Why the large discrepancy?

Again, it has to do with the standard deviation of the multinomial distribution. Due to the smaller total number of draws, the standard deviation is now equal to 3.39. So the 20 and the 2 draws are again only 5.3 standard deviations apart, which is completely expected under a uniform sampling scheme.

Tim Fischer may have more information than was reported in The Age, so we can’t rule out the possibility that his claim is correct. However, the difference between 13 draws for 20 June 1946 and 4 draws for 1 Jan 1946 is not as suspect as it might seem.

However, this does serve as a good example of how we humans are not very good at identifying randomness when we see it. In fact, our inability to identify randomness is what makes it possible to use statistics to detect instances of election fraud, such as in the 2009 Iranian election.

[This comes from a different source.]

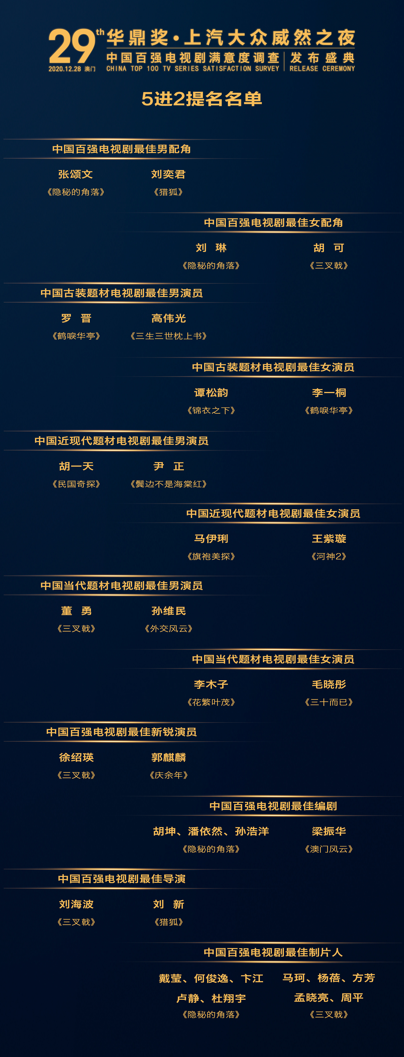 12月23日,华鼎奖集团在澳门公布了第29届华鼎奖上汽大众威然之夜中国百强电视剧满意度调查各大奖项提名名单“五进二”观众网络投票结果,综合华鼎奖多个官方网络平台票数统计显示,张颂文和刘奕君在最佳男配角的角逐中脱颖而出,胡可和刘琳在最佳女配角的竞争中票数领先。其他各个奖项前两名也各有归属。备受关注的全国观众最喜爱十佳演员名单,将在下次公布。

To provide another example of how our expectations of randomness might be wrong, we can ask how likely is it that the most frequently drawn date comes up 16 (or more) times, and the least frequently drawn date comes up 4 (or fewer) times.

The following graph shows the outcome of 1,000 simulated draws of 4,200 dates, each with an equal probability of being drawn. We plot how often (the frequency) the most drawn date comes up on the left, and the frequency of the least drawn date on the right.

If anything, we should expect that most and least drawn dates should be more different than they actually were. Again, our expectations for what is random do not reflect the underlying true outcomes from random sampling.